Until recently, FaceFirst had had on its website a page promising that its technology could help to prevent mass shootings on campus and could keep out unauthorised parents and expelled students.

The page disappeared from the site after Mr Trepp was asked about it. He said that it had been uploaded by a marketing firm without his knowledge. But Mr Trepp expressed confidence that colleges would become a significant marketplace once facial recognition systems had gained wider acceptance elsewhere. “It’s certainly coming,” he promised.

Concern that the march of the technology might indeed be inevitable has galvanised two advocacy groups, Students for Sensible Drug Policy, which opposes drug enforcement laws, and Fight for the Future, which focuses on digital technologies. The groups have been compiling the statements from the universities that are promising to fight facial recognition systems.
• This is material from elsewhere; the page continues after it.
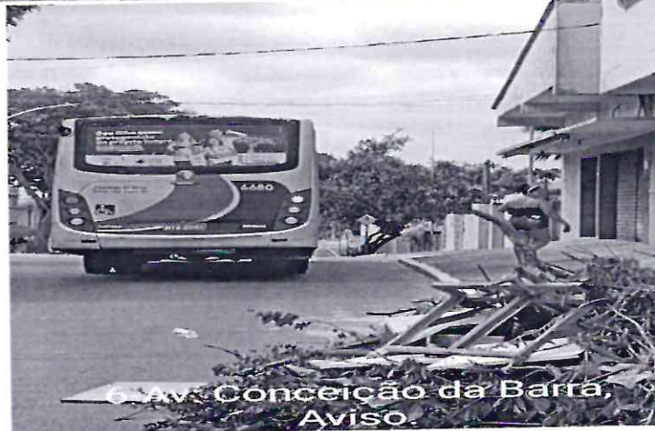
6-Av: Conceição da Barra, Aviso.

“It’s essential that we draw a line in the sand now, before it’s too late,” said Evan Greer, deputy director of Fight for the Future.
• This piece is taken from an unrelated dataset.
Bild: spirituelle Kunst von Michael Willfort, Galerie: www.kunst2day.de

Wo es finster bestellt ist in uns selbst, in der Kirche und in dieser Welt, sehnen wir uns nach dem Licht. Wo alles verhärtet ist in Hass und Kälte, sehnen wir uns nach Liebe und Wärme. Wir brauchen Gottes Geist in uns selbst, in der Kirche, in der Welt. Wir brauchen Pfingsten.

Institutions listed by Fight for the Future as having committed to shun facial recognition technologies include Boston College, the Georgia Institute of Technology, the University of Wisconsin-Madison and University of California campuses at Davis and Santa Barbara. Others opposing the technology include Columbia, Michigan State, Oregon State, Rice, Tulane and Florida universities.

Stanford’s use of the technology involved food vendors that last year offered computerised kiosks with facial recognition technology as an option for customers to place their orders. The University of San Francisco, a private Jesuit institution, trialled it in 2016 for its security systems but found that it “as a whole did not meet our needs”, said Jason Rossi, the institution’s director of campus card and security systems.

Mr Trepp said facial recognition technology was no more invasive than common systems such as navigation services and social media platforms, which already track people by their looks and their location.

But Liz O’Sullivan, technology director for the Surveillance Technology Oversight Project, said facial recognition tools were far worse than the likes of Facebook and Waze because “you can’t leave your face at home”.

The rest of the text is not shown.